The blood pressure values of ten subjects were predicted using the GA-MIV-BP neural network models, regression models [6], and the ANN model based on PWTT [18]. Figures 7 and 8 show the SBP and DBP values, respectively, predicted by these three models. The horizontal axis in Figs 7 and 8 denotes the jth measured data for the ith subject. For example, ‘1-1’ denotes the first measured data for subject Test_1. It can be seen from Figs 7 and 8 that the predictions obtained by the GA-MIV-BP models are closer to the sphygmomanometer measured blood pressure values than those by regression models and the ANN model. Thus, it can be concluded that the GA-MIV-BP models have better predictive performance than regression models and the PWTT-based ANN model.

In order to further analyze the prediction accuracy of the above three models, the RMSE and MRE were used to compare them. The RMSE and MRE of the predicted blood pressure values from the three models and the values as measured by the sphygmomanometer are shown in Table 7. It can be seen that the RMSE and MRE of the SBP and DBP values calculated by GA-MIV-BP models are lower than those of the regression and the ANN models. Therefore, it can be concluded that the GA-MIV-BP models have greater prediction accuracy than the regression and PWTT-based ANN models. The MRE of SBP and DBP values calculated by GA-MIV-BP models is less than 5%.

Figure 9.

Bland-Altman analysis of predicted and measured SBP values (SBP1 and SBP0).

Figure 10.

Bland-Altman analysis of predicted and measured DBP values (DBP1 and DBP0).

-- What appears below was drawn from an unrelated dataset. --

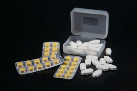 Capsules and tablets of white and yellow color, a jar. Black background. Health concept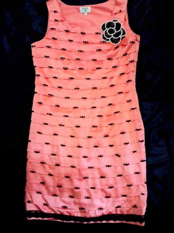 Платье Шанель, малое Вам этого, так оно из настоящего шелка, это красивая, изысканная, очень качественная ткань из натурального шелка, бирка с составом присутствует, на ощупь очень приятная. Розовый пудровый насыщенный цвет камера точно не передает, это зависит от Вашего гаджета, шелк через белки очень трудно запечатлеть, оранжевого оттенка не содержит, в реалии цвет ближе к розовому среднему между первым и последним фото. Шанель на каждый день не таскят, так что платечко незаношено. Выглядит дорого и нарядно. Замеры: длина: 95-97-+см. от плеча по спинке до низа. на фигуре слегка подскочит. ширина спинки 36-38 +-см. примерно на груди 44-45+см это мах. талия 38-40 см. полуобъем бедра свободно 50см.. Это все полу объем. не надо уровняться на максимум, по фасону платье должно красиво сесть. Такой фасон подходит именно Леди. Статусное изысканное, дорогое, красивое, женское, непревзойденное уместное и на праздники и всплывающее коктейльное платье расшитое вручную бисером в шахматном (не симметричном) порядке с добавлением различного количества в размер бусин (бусин) и украшено великолепным кружевом. Это отличный выбор, подойдет даже невесте, которая любит минимализм и/или неповоротки навести. Смотрите свои предложения, к этому великолепному платью у меня еще можно подобрать сумку, или верхнюю одежду или сорнцезастичные очки. На товар с меньшей ценой возможна сутевая скидка при покупке обеих вещей вместе, что-то вообще можно получить в подарок вместе с приобретением. К шубе стоимостью более 9000грн, это платье можно получить в подарок. Платье пойдет на рост 155-185см. Состояние отлично без значительных нюансов, но оно приемо, это так, его носили. Торг является резервом нет. Пересылаю после 100% подписки. Положительно реагирую на предложение собственной цены, но покупать при ее согласовании следует сразу, цена согласовывается не всегда. Наложенного нет. Всем Мирного неба и удачных угости. Это платье можно получить в подарок к любому из своих вещей стоимостью более 9000грн.

4.2Bland-Altman analysis between results predicted by GA-MIV-BP models and blood pressure values measured by sphygmomanometer

The blood pressure values predicted by the GA-MIV-BP neural network model and the blood pressure values measured by the sphygmomanometer underwent Bland-Altman analysis, as shown in Figs 9 and 10. Figure 9 shows that 96.67% of the points are within the 95% consistency range, and the maximum absolute value of all differences within the consistency range is 5.8895 mmHg. Figure 10 shows that 95.83% of the points are within the 95% consistency range, and the maximum absolute values of all differences within the consistency range is 4.8218 mmHg. These differences are adequate for clinical requirements, and as there is good consistency between the results of the GA-MIV-BP neural network model and the actual measurement, they may be considered interchangeable.